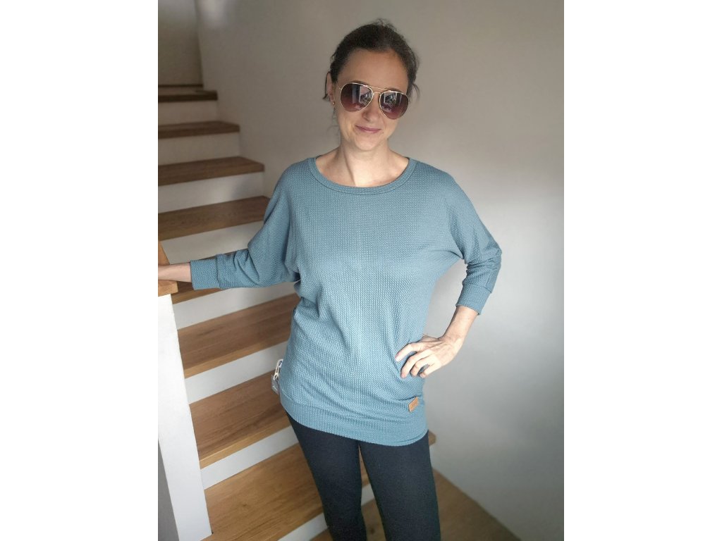 Elegantní tričko s netopýřími rukávy z příjemného prošívaného úpletu. Volnější střih a příjemný materiál zajišťují pohodlí. Díky elegantnímu střihu využijete na pracovní i osobní schůzky, či běžné nošení.
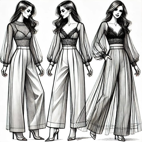 시스루 탑과 와이드 레그 팬츠의 조합은 세련되면서도 개성 있는 스타일을 연출할 수 있습니다. 이 스타일은 여성스러우면서도 모던하고 시크한 분위기를 자아내며, 특별한 자리나 트렌디한 캐주얼 룩으로 활용하기 좋습니다.
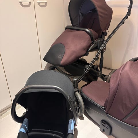 Turvakaukalo autoon jonka saa kiinnitettyä myös rattaiden runkoon. Erikseen ostettu auton turvakaukalolle telakka. Telakka isofix kiinnityksellä.
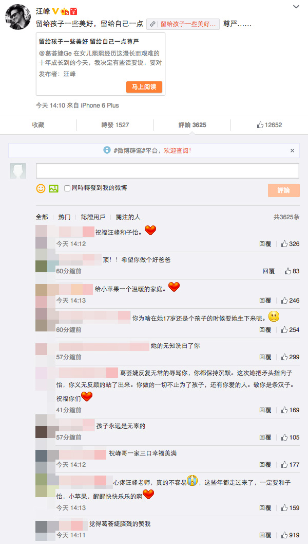 最後,汪峰向葛薈婕承諾自己過去、現在和未來都不再會對葛薈婕做出無端的傷害,更希望葛薈婕重拾善意,早日找到自己幸福。汪峰又不希望大家不停來來回回的吵鬧,他說:「今天在這裡不是對你開砲,不是傷害和攻擊,更不是現在形容吵架你來我回的『撕逼』,而是對你說幾句不得不說的肺腑之言。請留給孩子一些美好,留給自己一點尊嚴。」汪峰又強調永遠不要再傷害家人,又話「所有今天對你的話語,是第一次,也是最後一次!」長文一出,不少網友都大讚汪峰好男人,又希望「小蘋果」有溫暖的家庭。
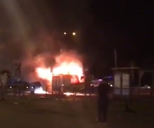 სადგურის მოედანზე ყვითელი ავტობუსი დაიწვა
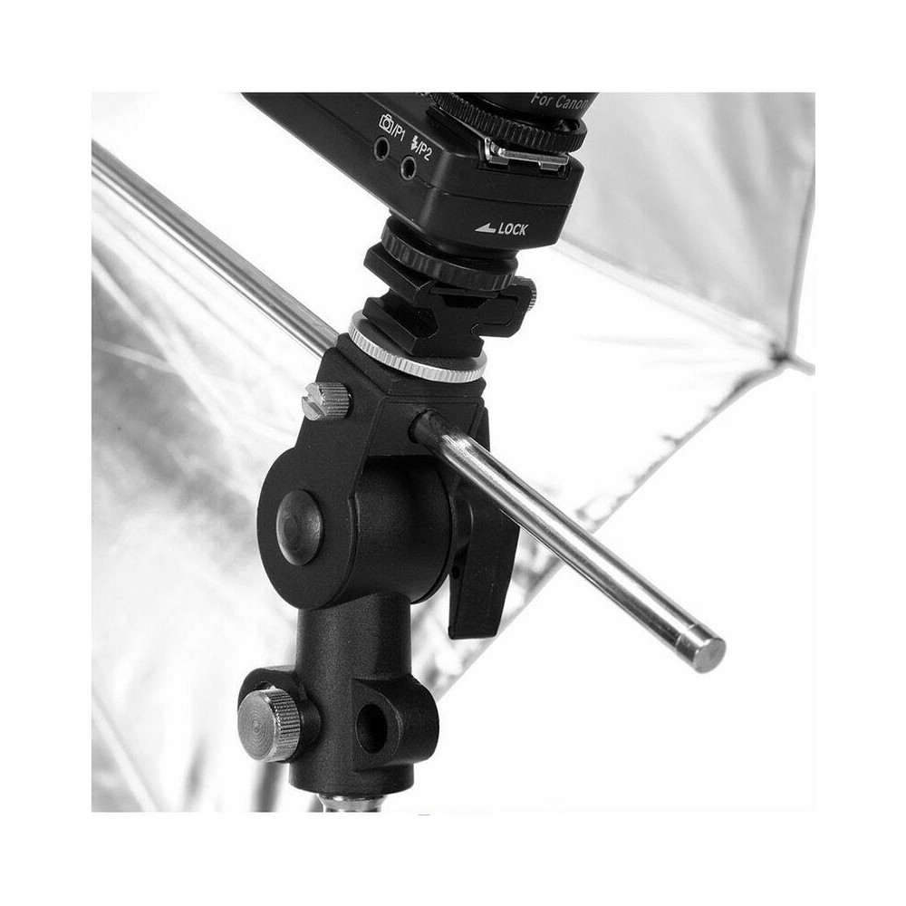 Variabilní úhly: Můžete také nastavit deštník a blesk v různých úhlech, což umožňuje kreativní osvětlení a stínování. Vhodné pro všechny blesky Hot-Shoe, spouštěcí vysílače nebo slave.

★ ★ ★ ★

» **Required work**:
What is needed is an exact copy of the lines from the start of the listing above through the line that holds "Turvakaukalo autoon jonka", with the pictures left out.

» **Written solution**:
 Elegantní tričko s netopýřími rukávy z příjemného prošívaného úpletu. Volnější střih a příjemný materiál zajišťují pohodlí. Díky elegantnímu střihu využijete na pracovní i osobní schůzky, či běžné nošení.
 시스루 탑과 와이드 레그 팬츠의 조합은 세련되면서도 개성 있는 스타일을 연출할 수 있습니다. 이 스타일은 여성스러우면서도 모던하고 시크한 분위기를 자아내며, 특별한 자리나 트렌디한 캐주얼 룩으로 활용하기 좋습니다.
 Turvakaukalo autoon jonka saa kiinnitettyä myös rattaiden runkoon. Erikseen ostettu auton turvakaukalolle telakka. Telakka isofix kiinnityksellä.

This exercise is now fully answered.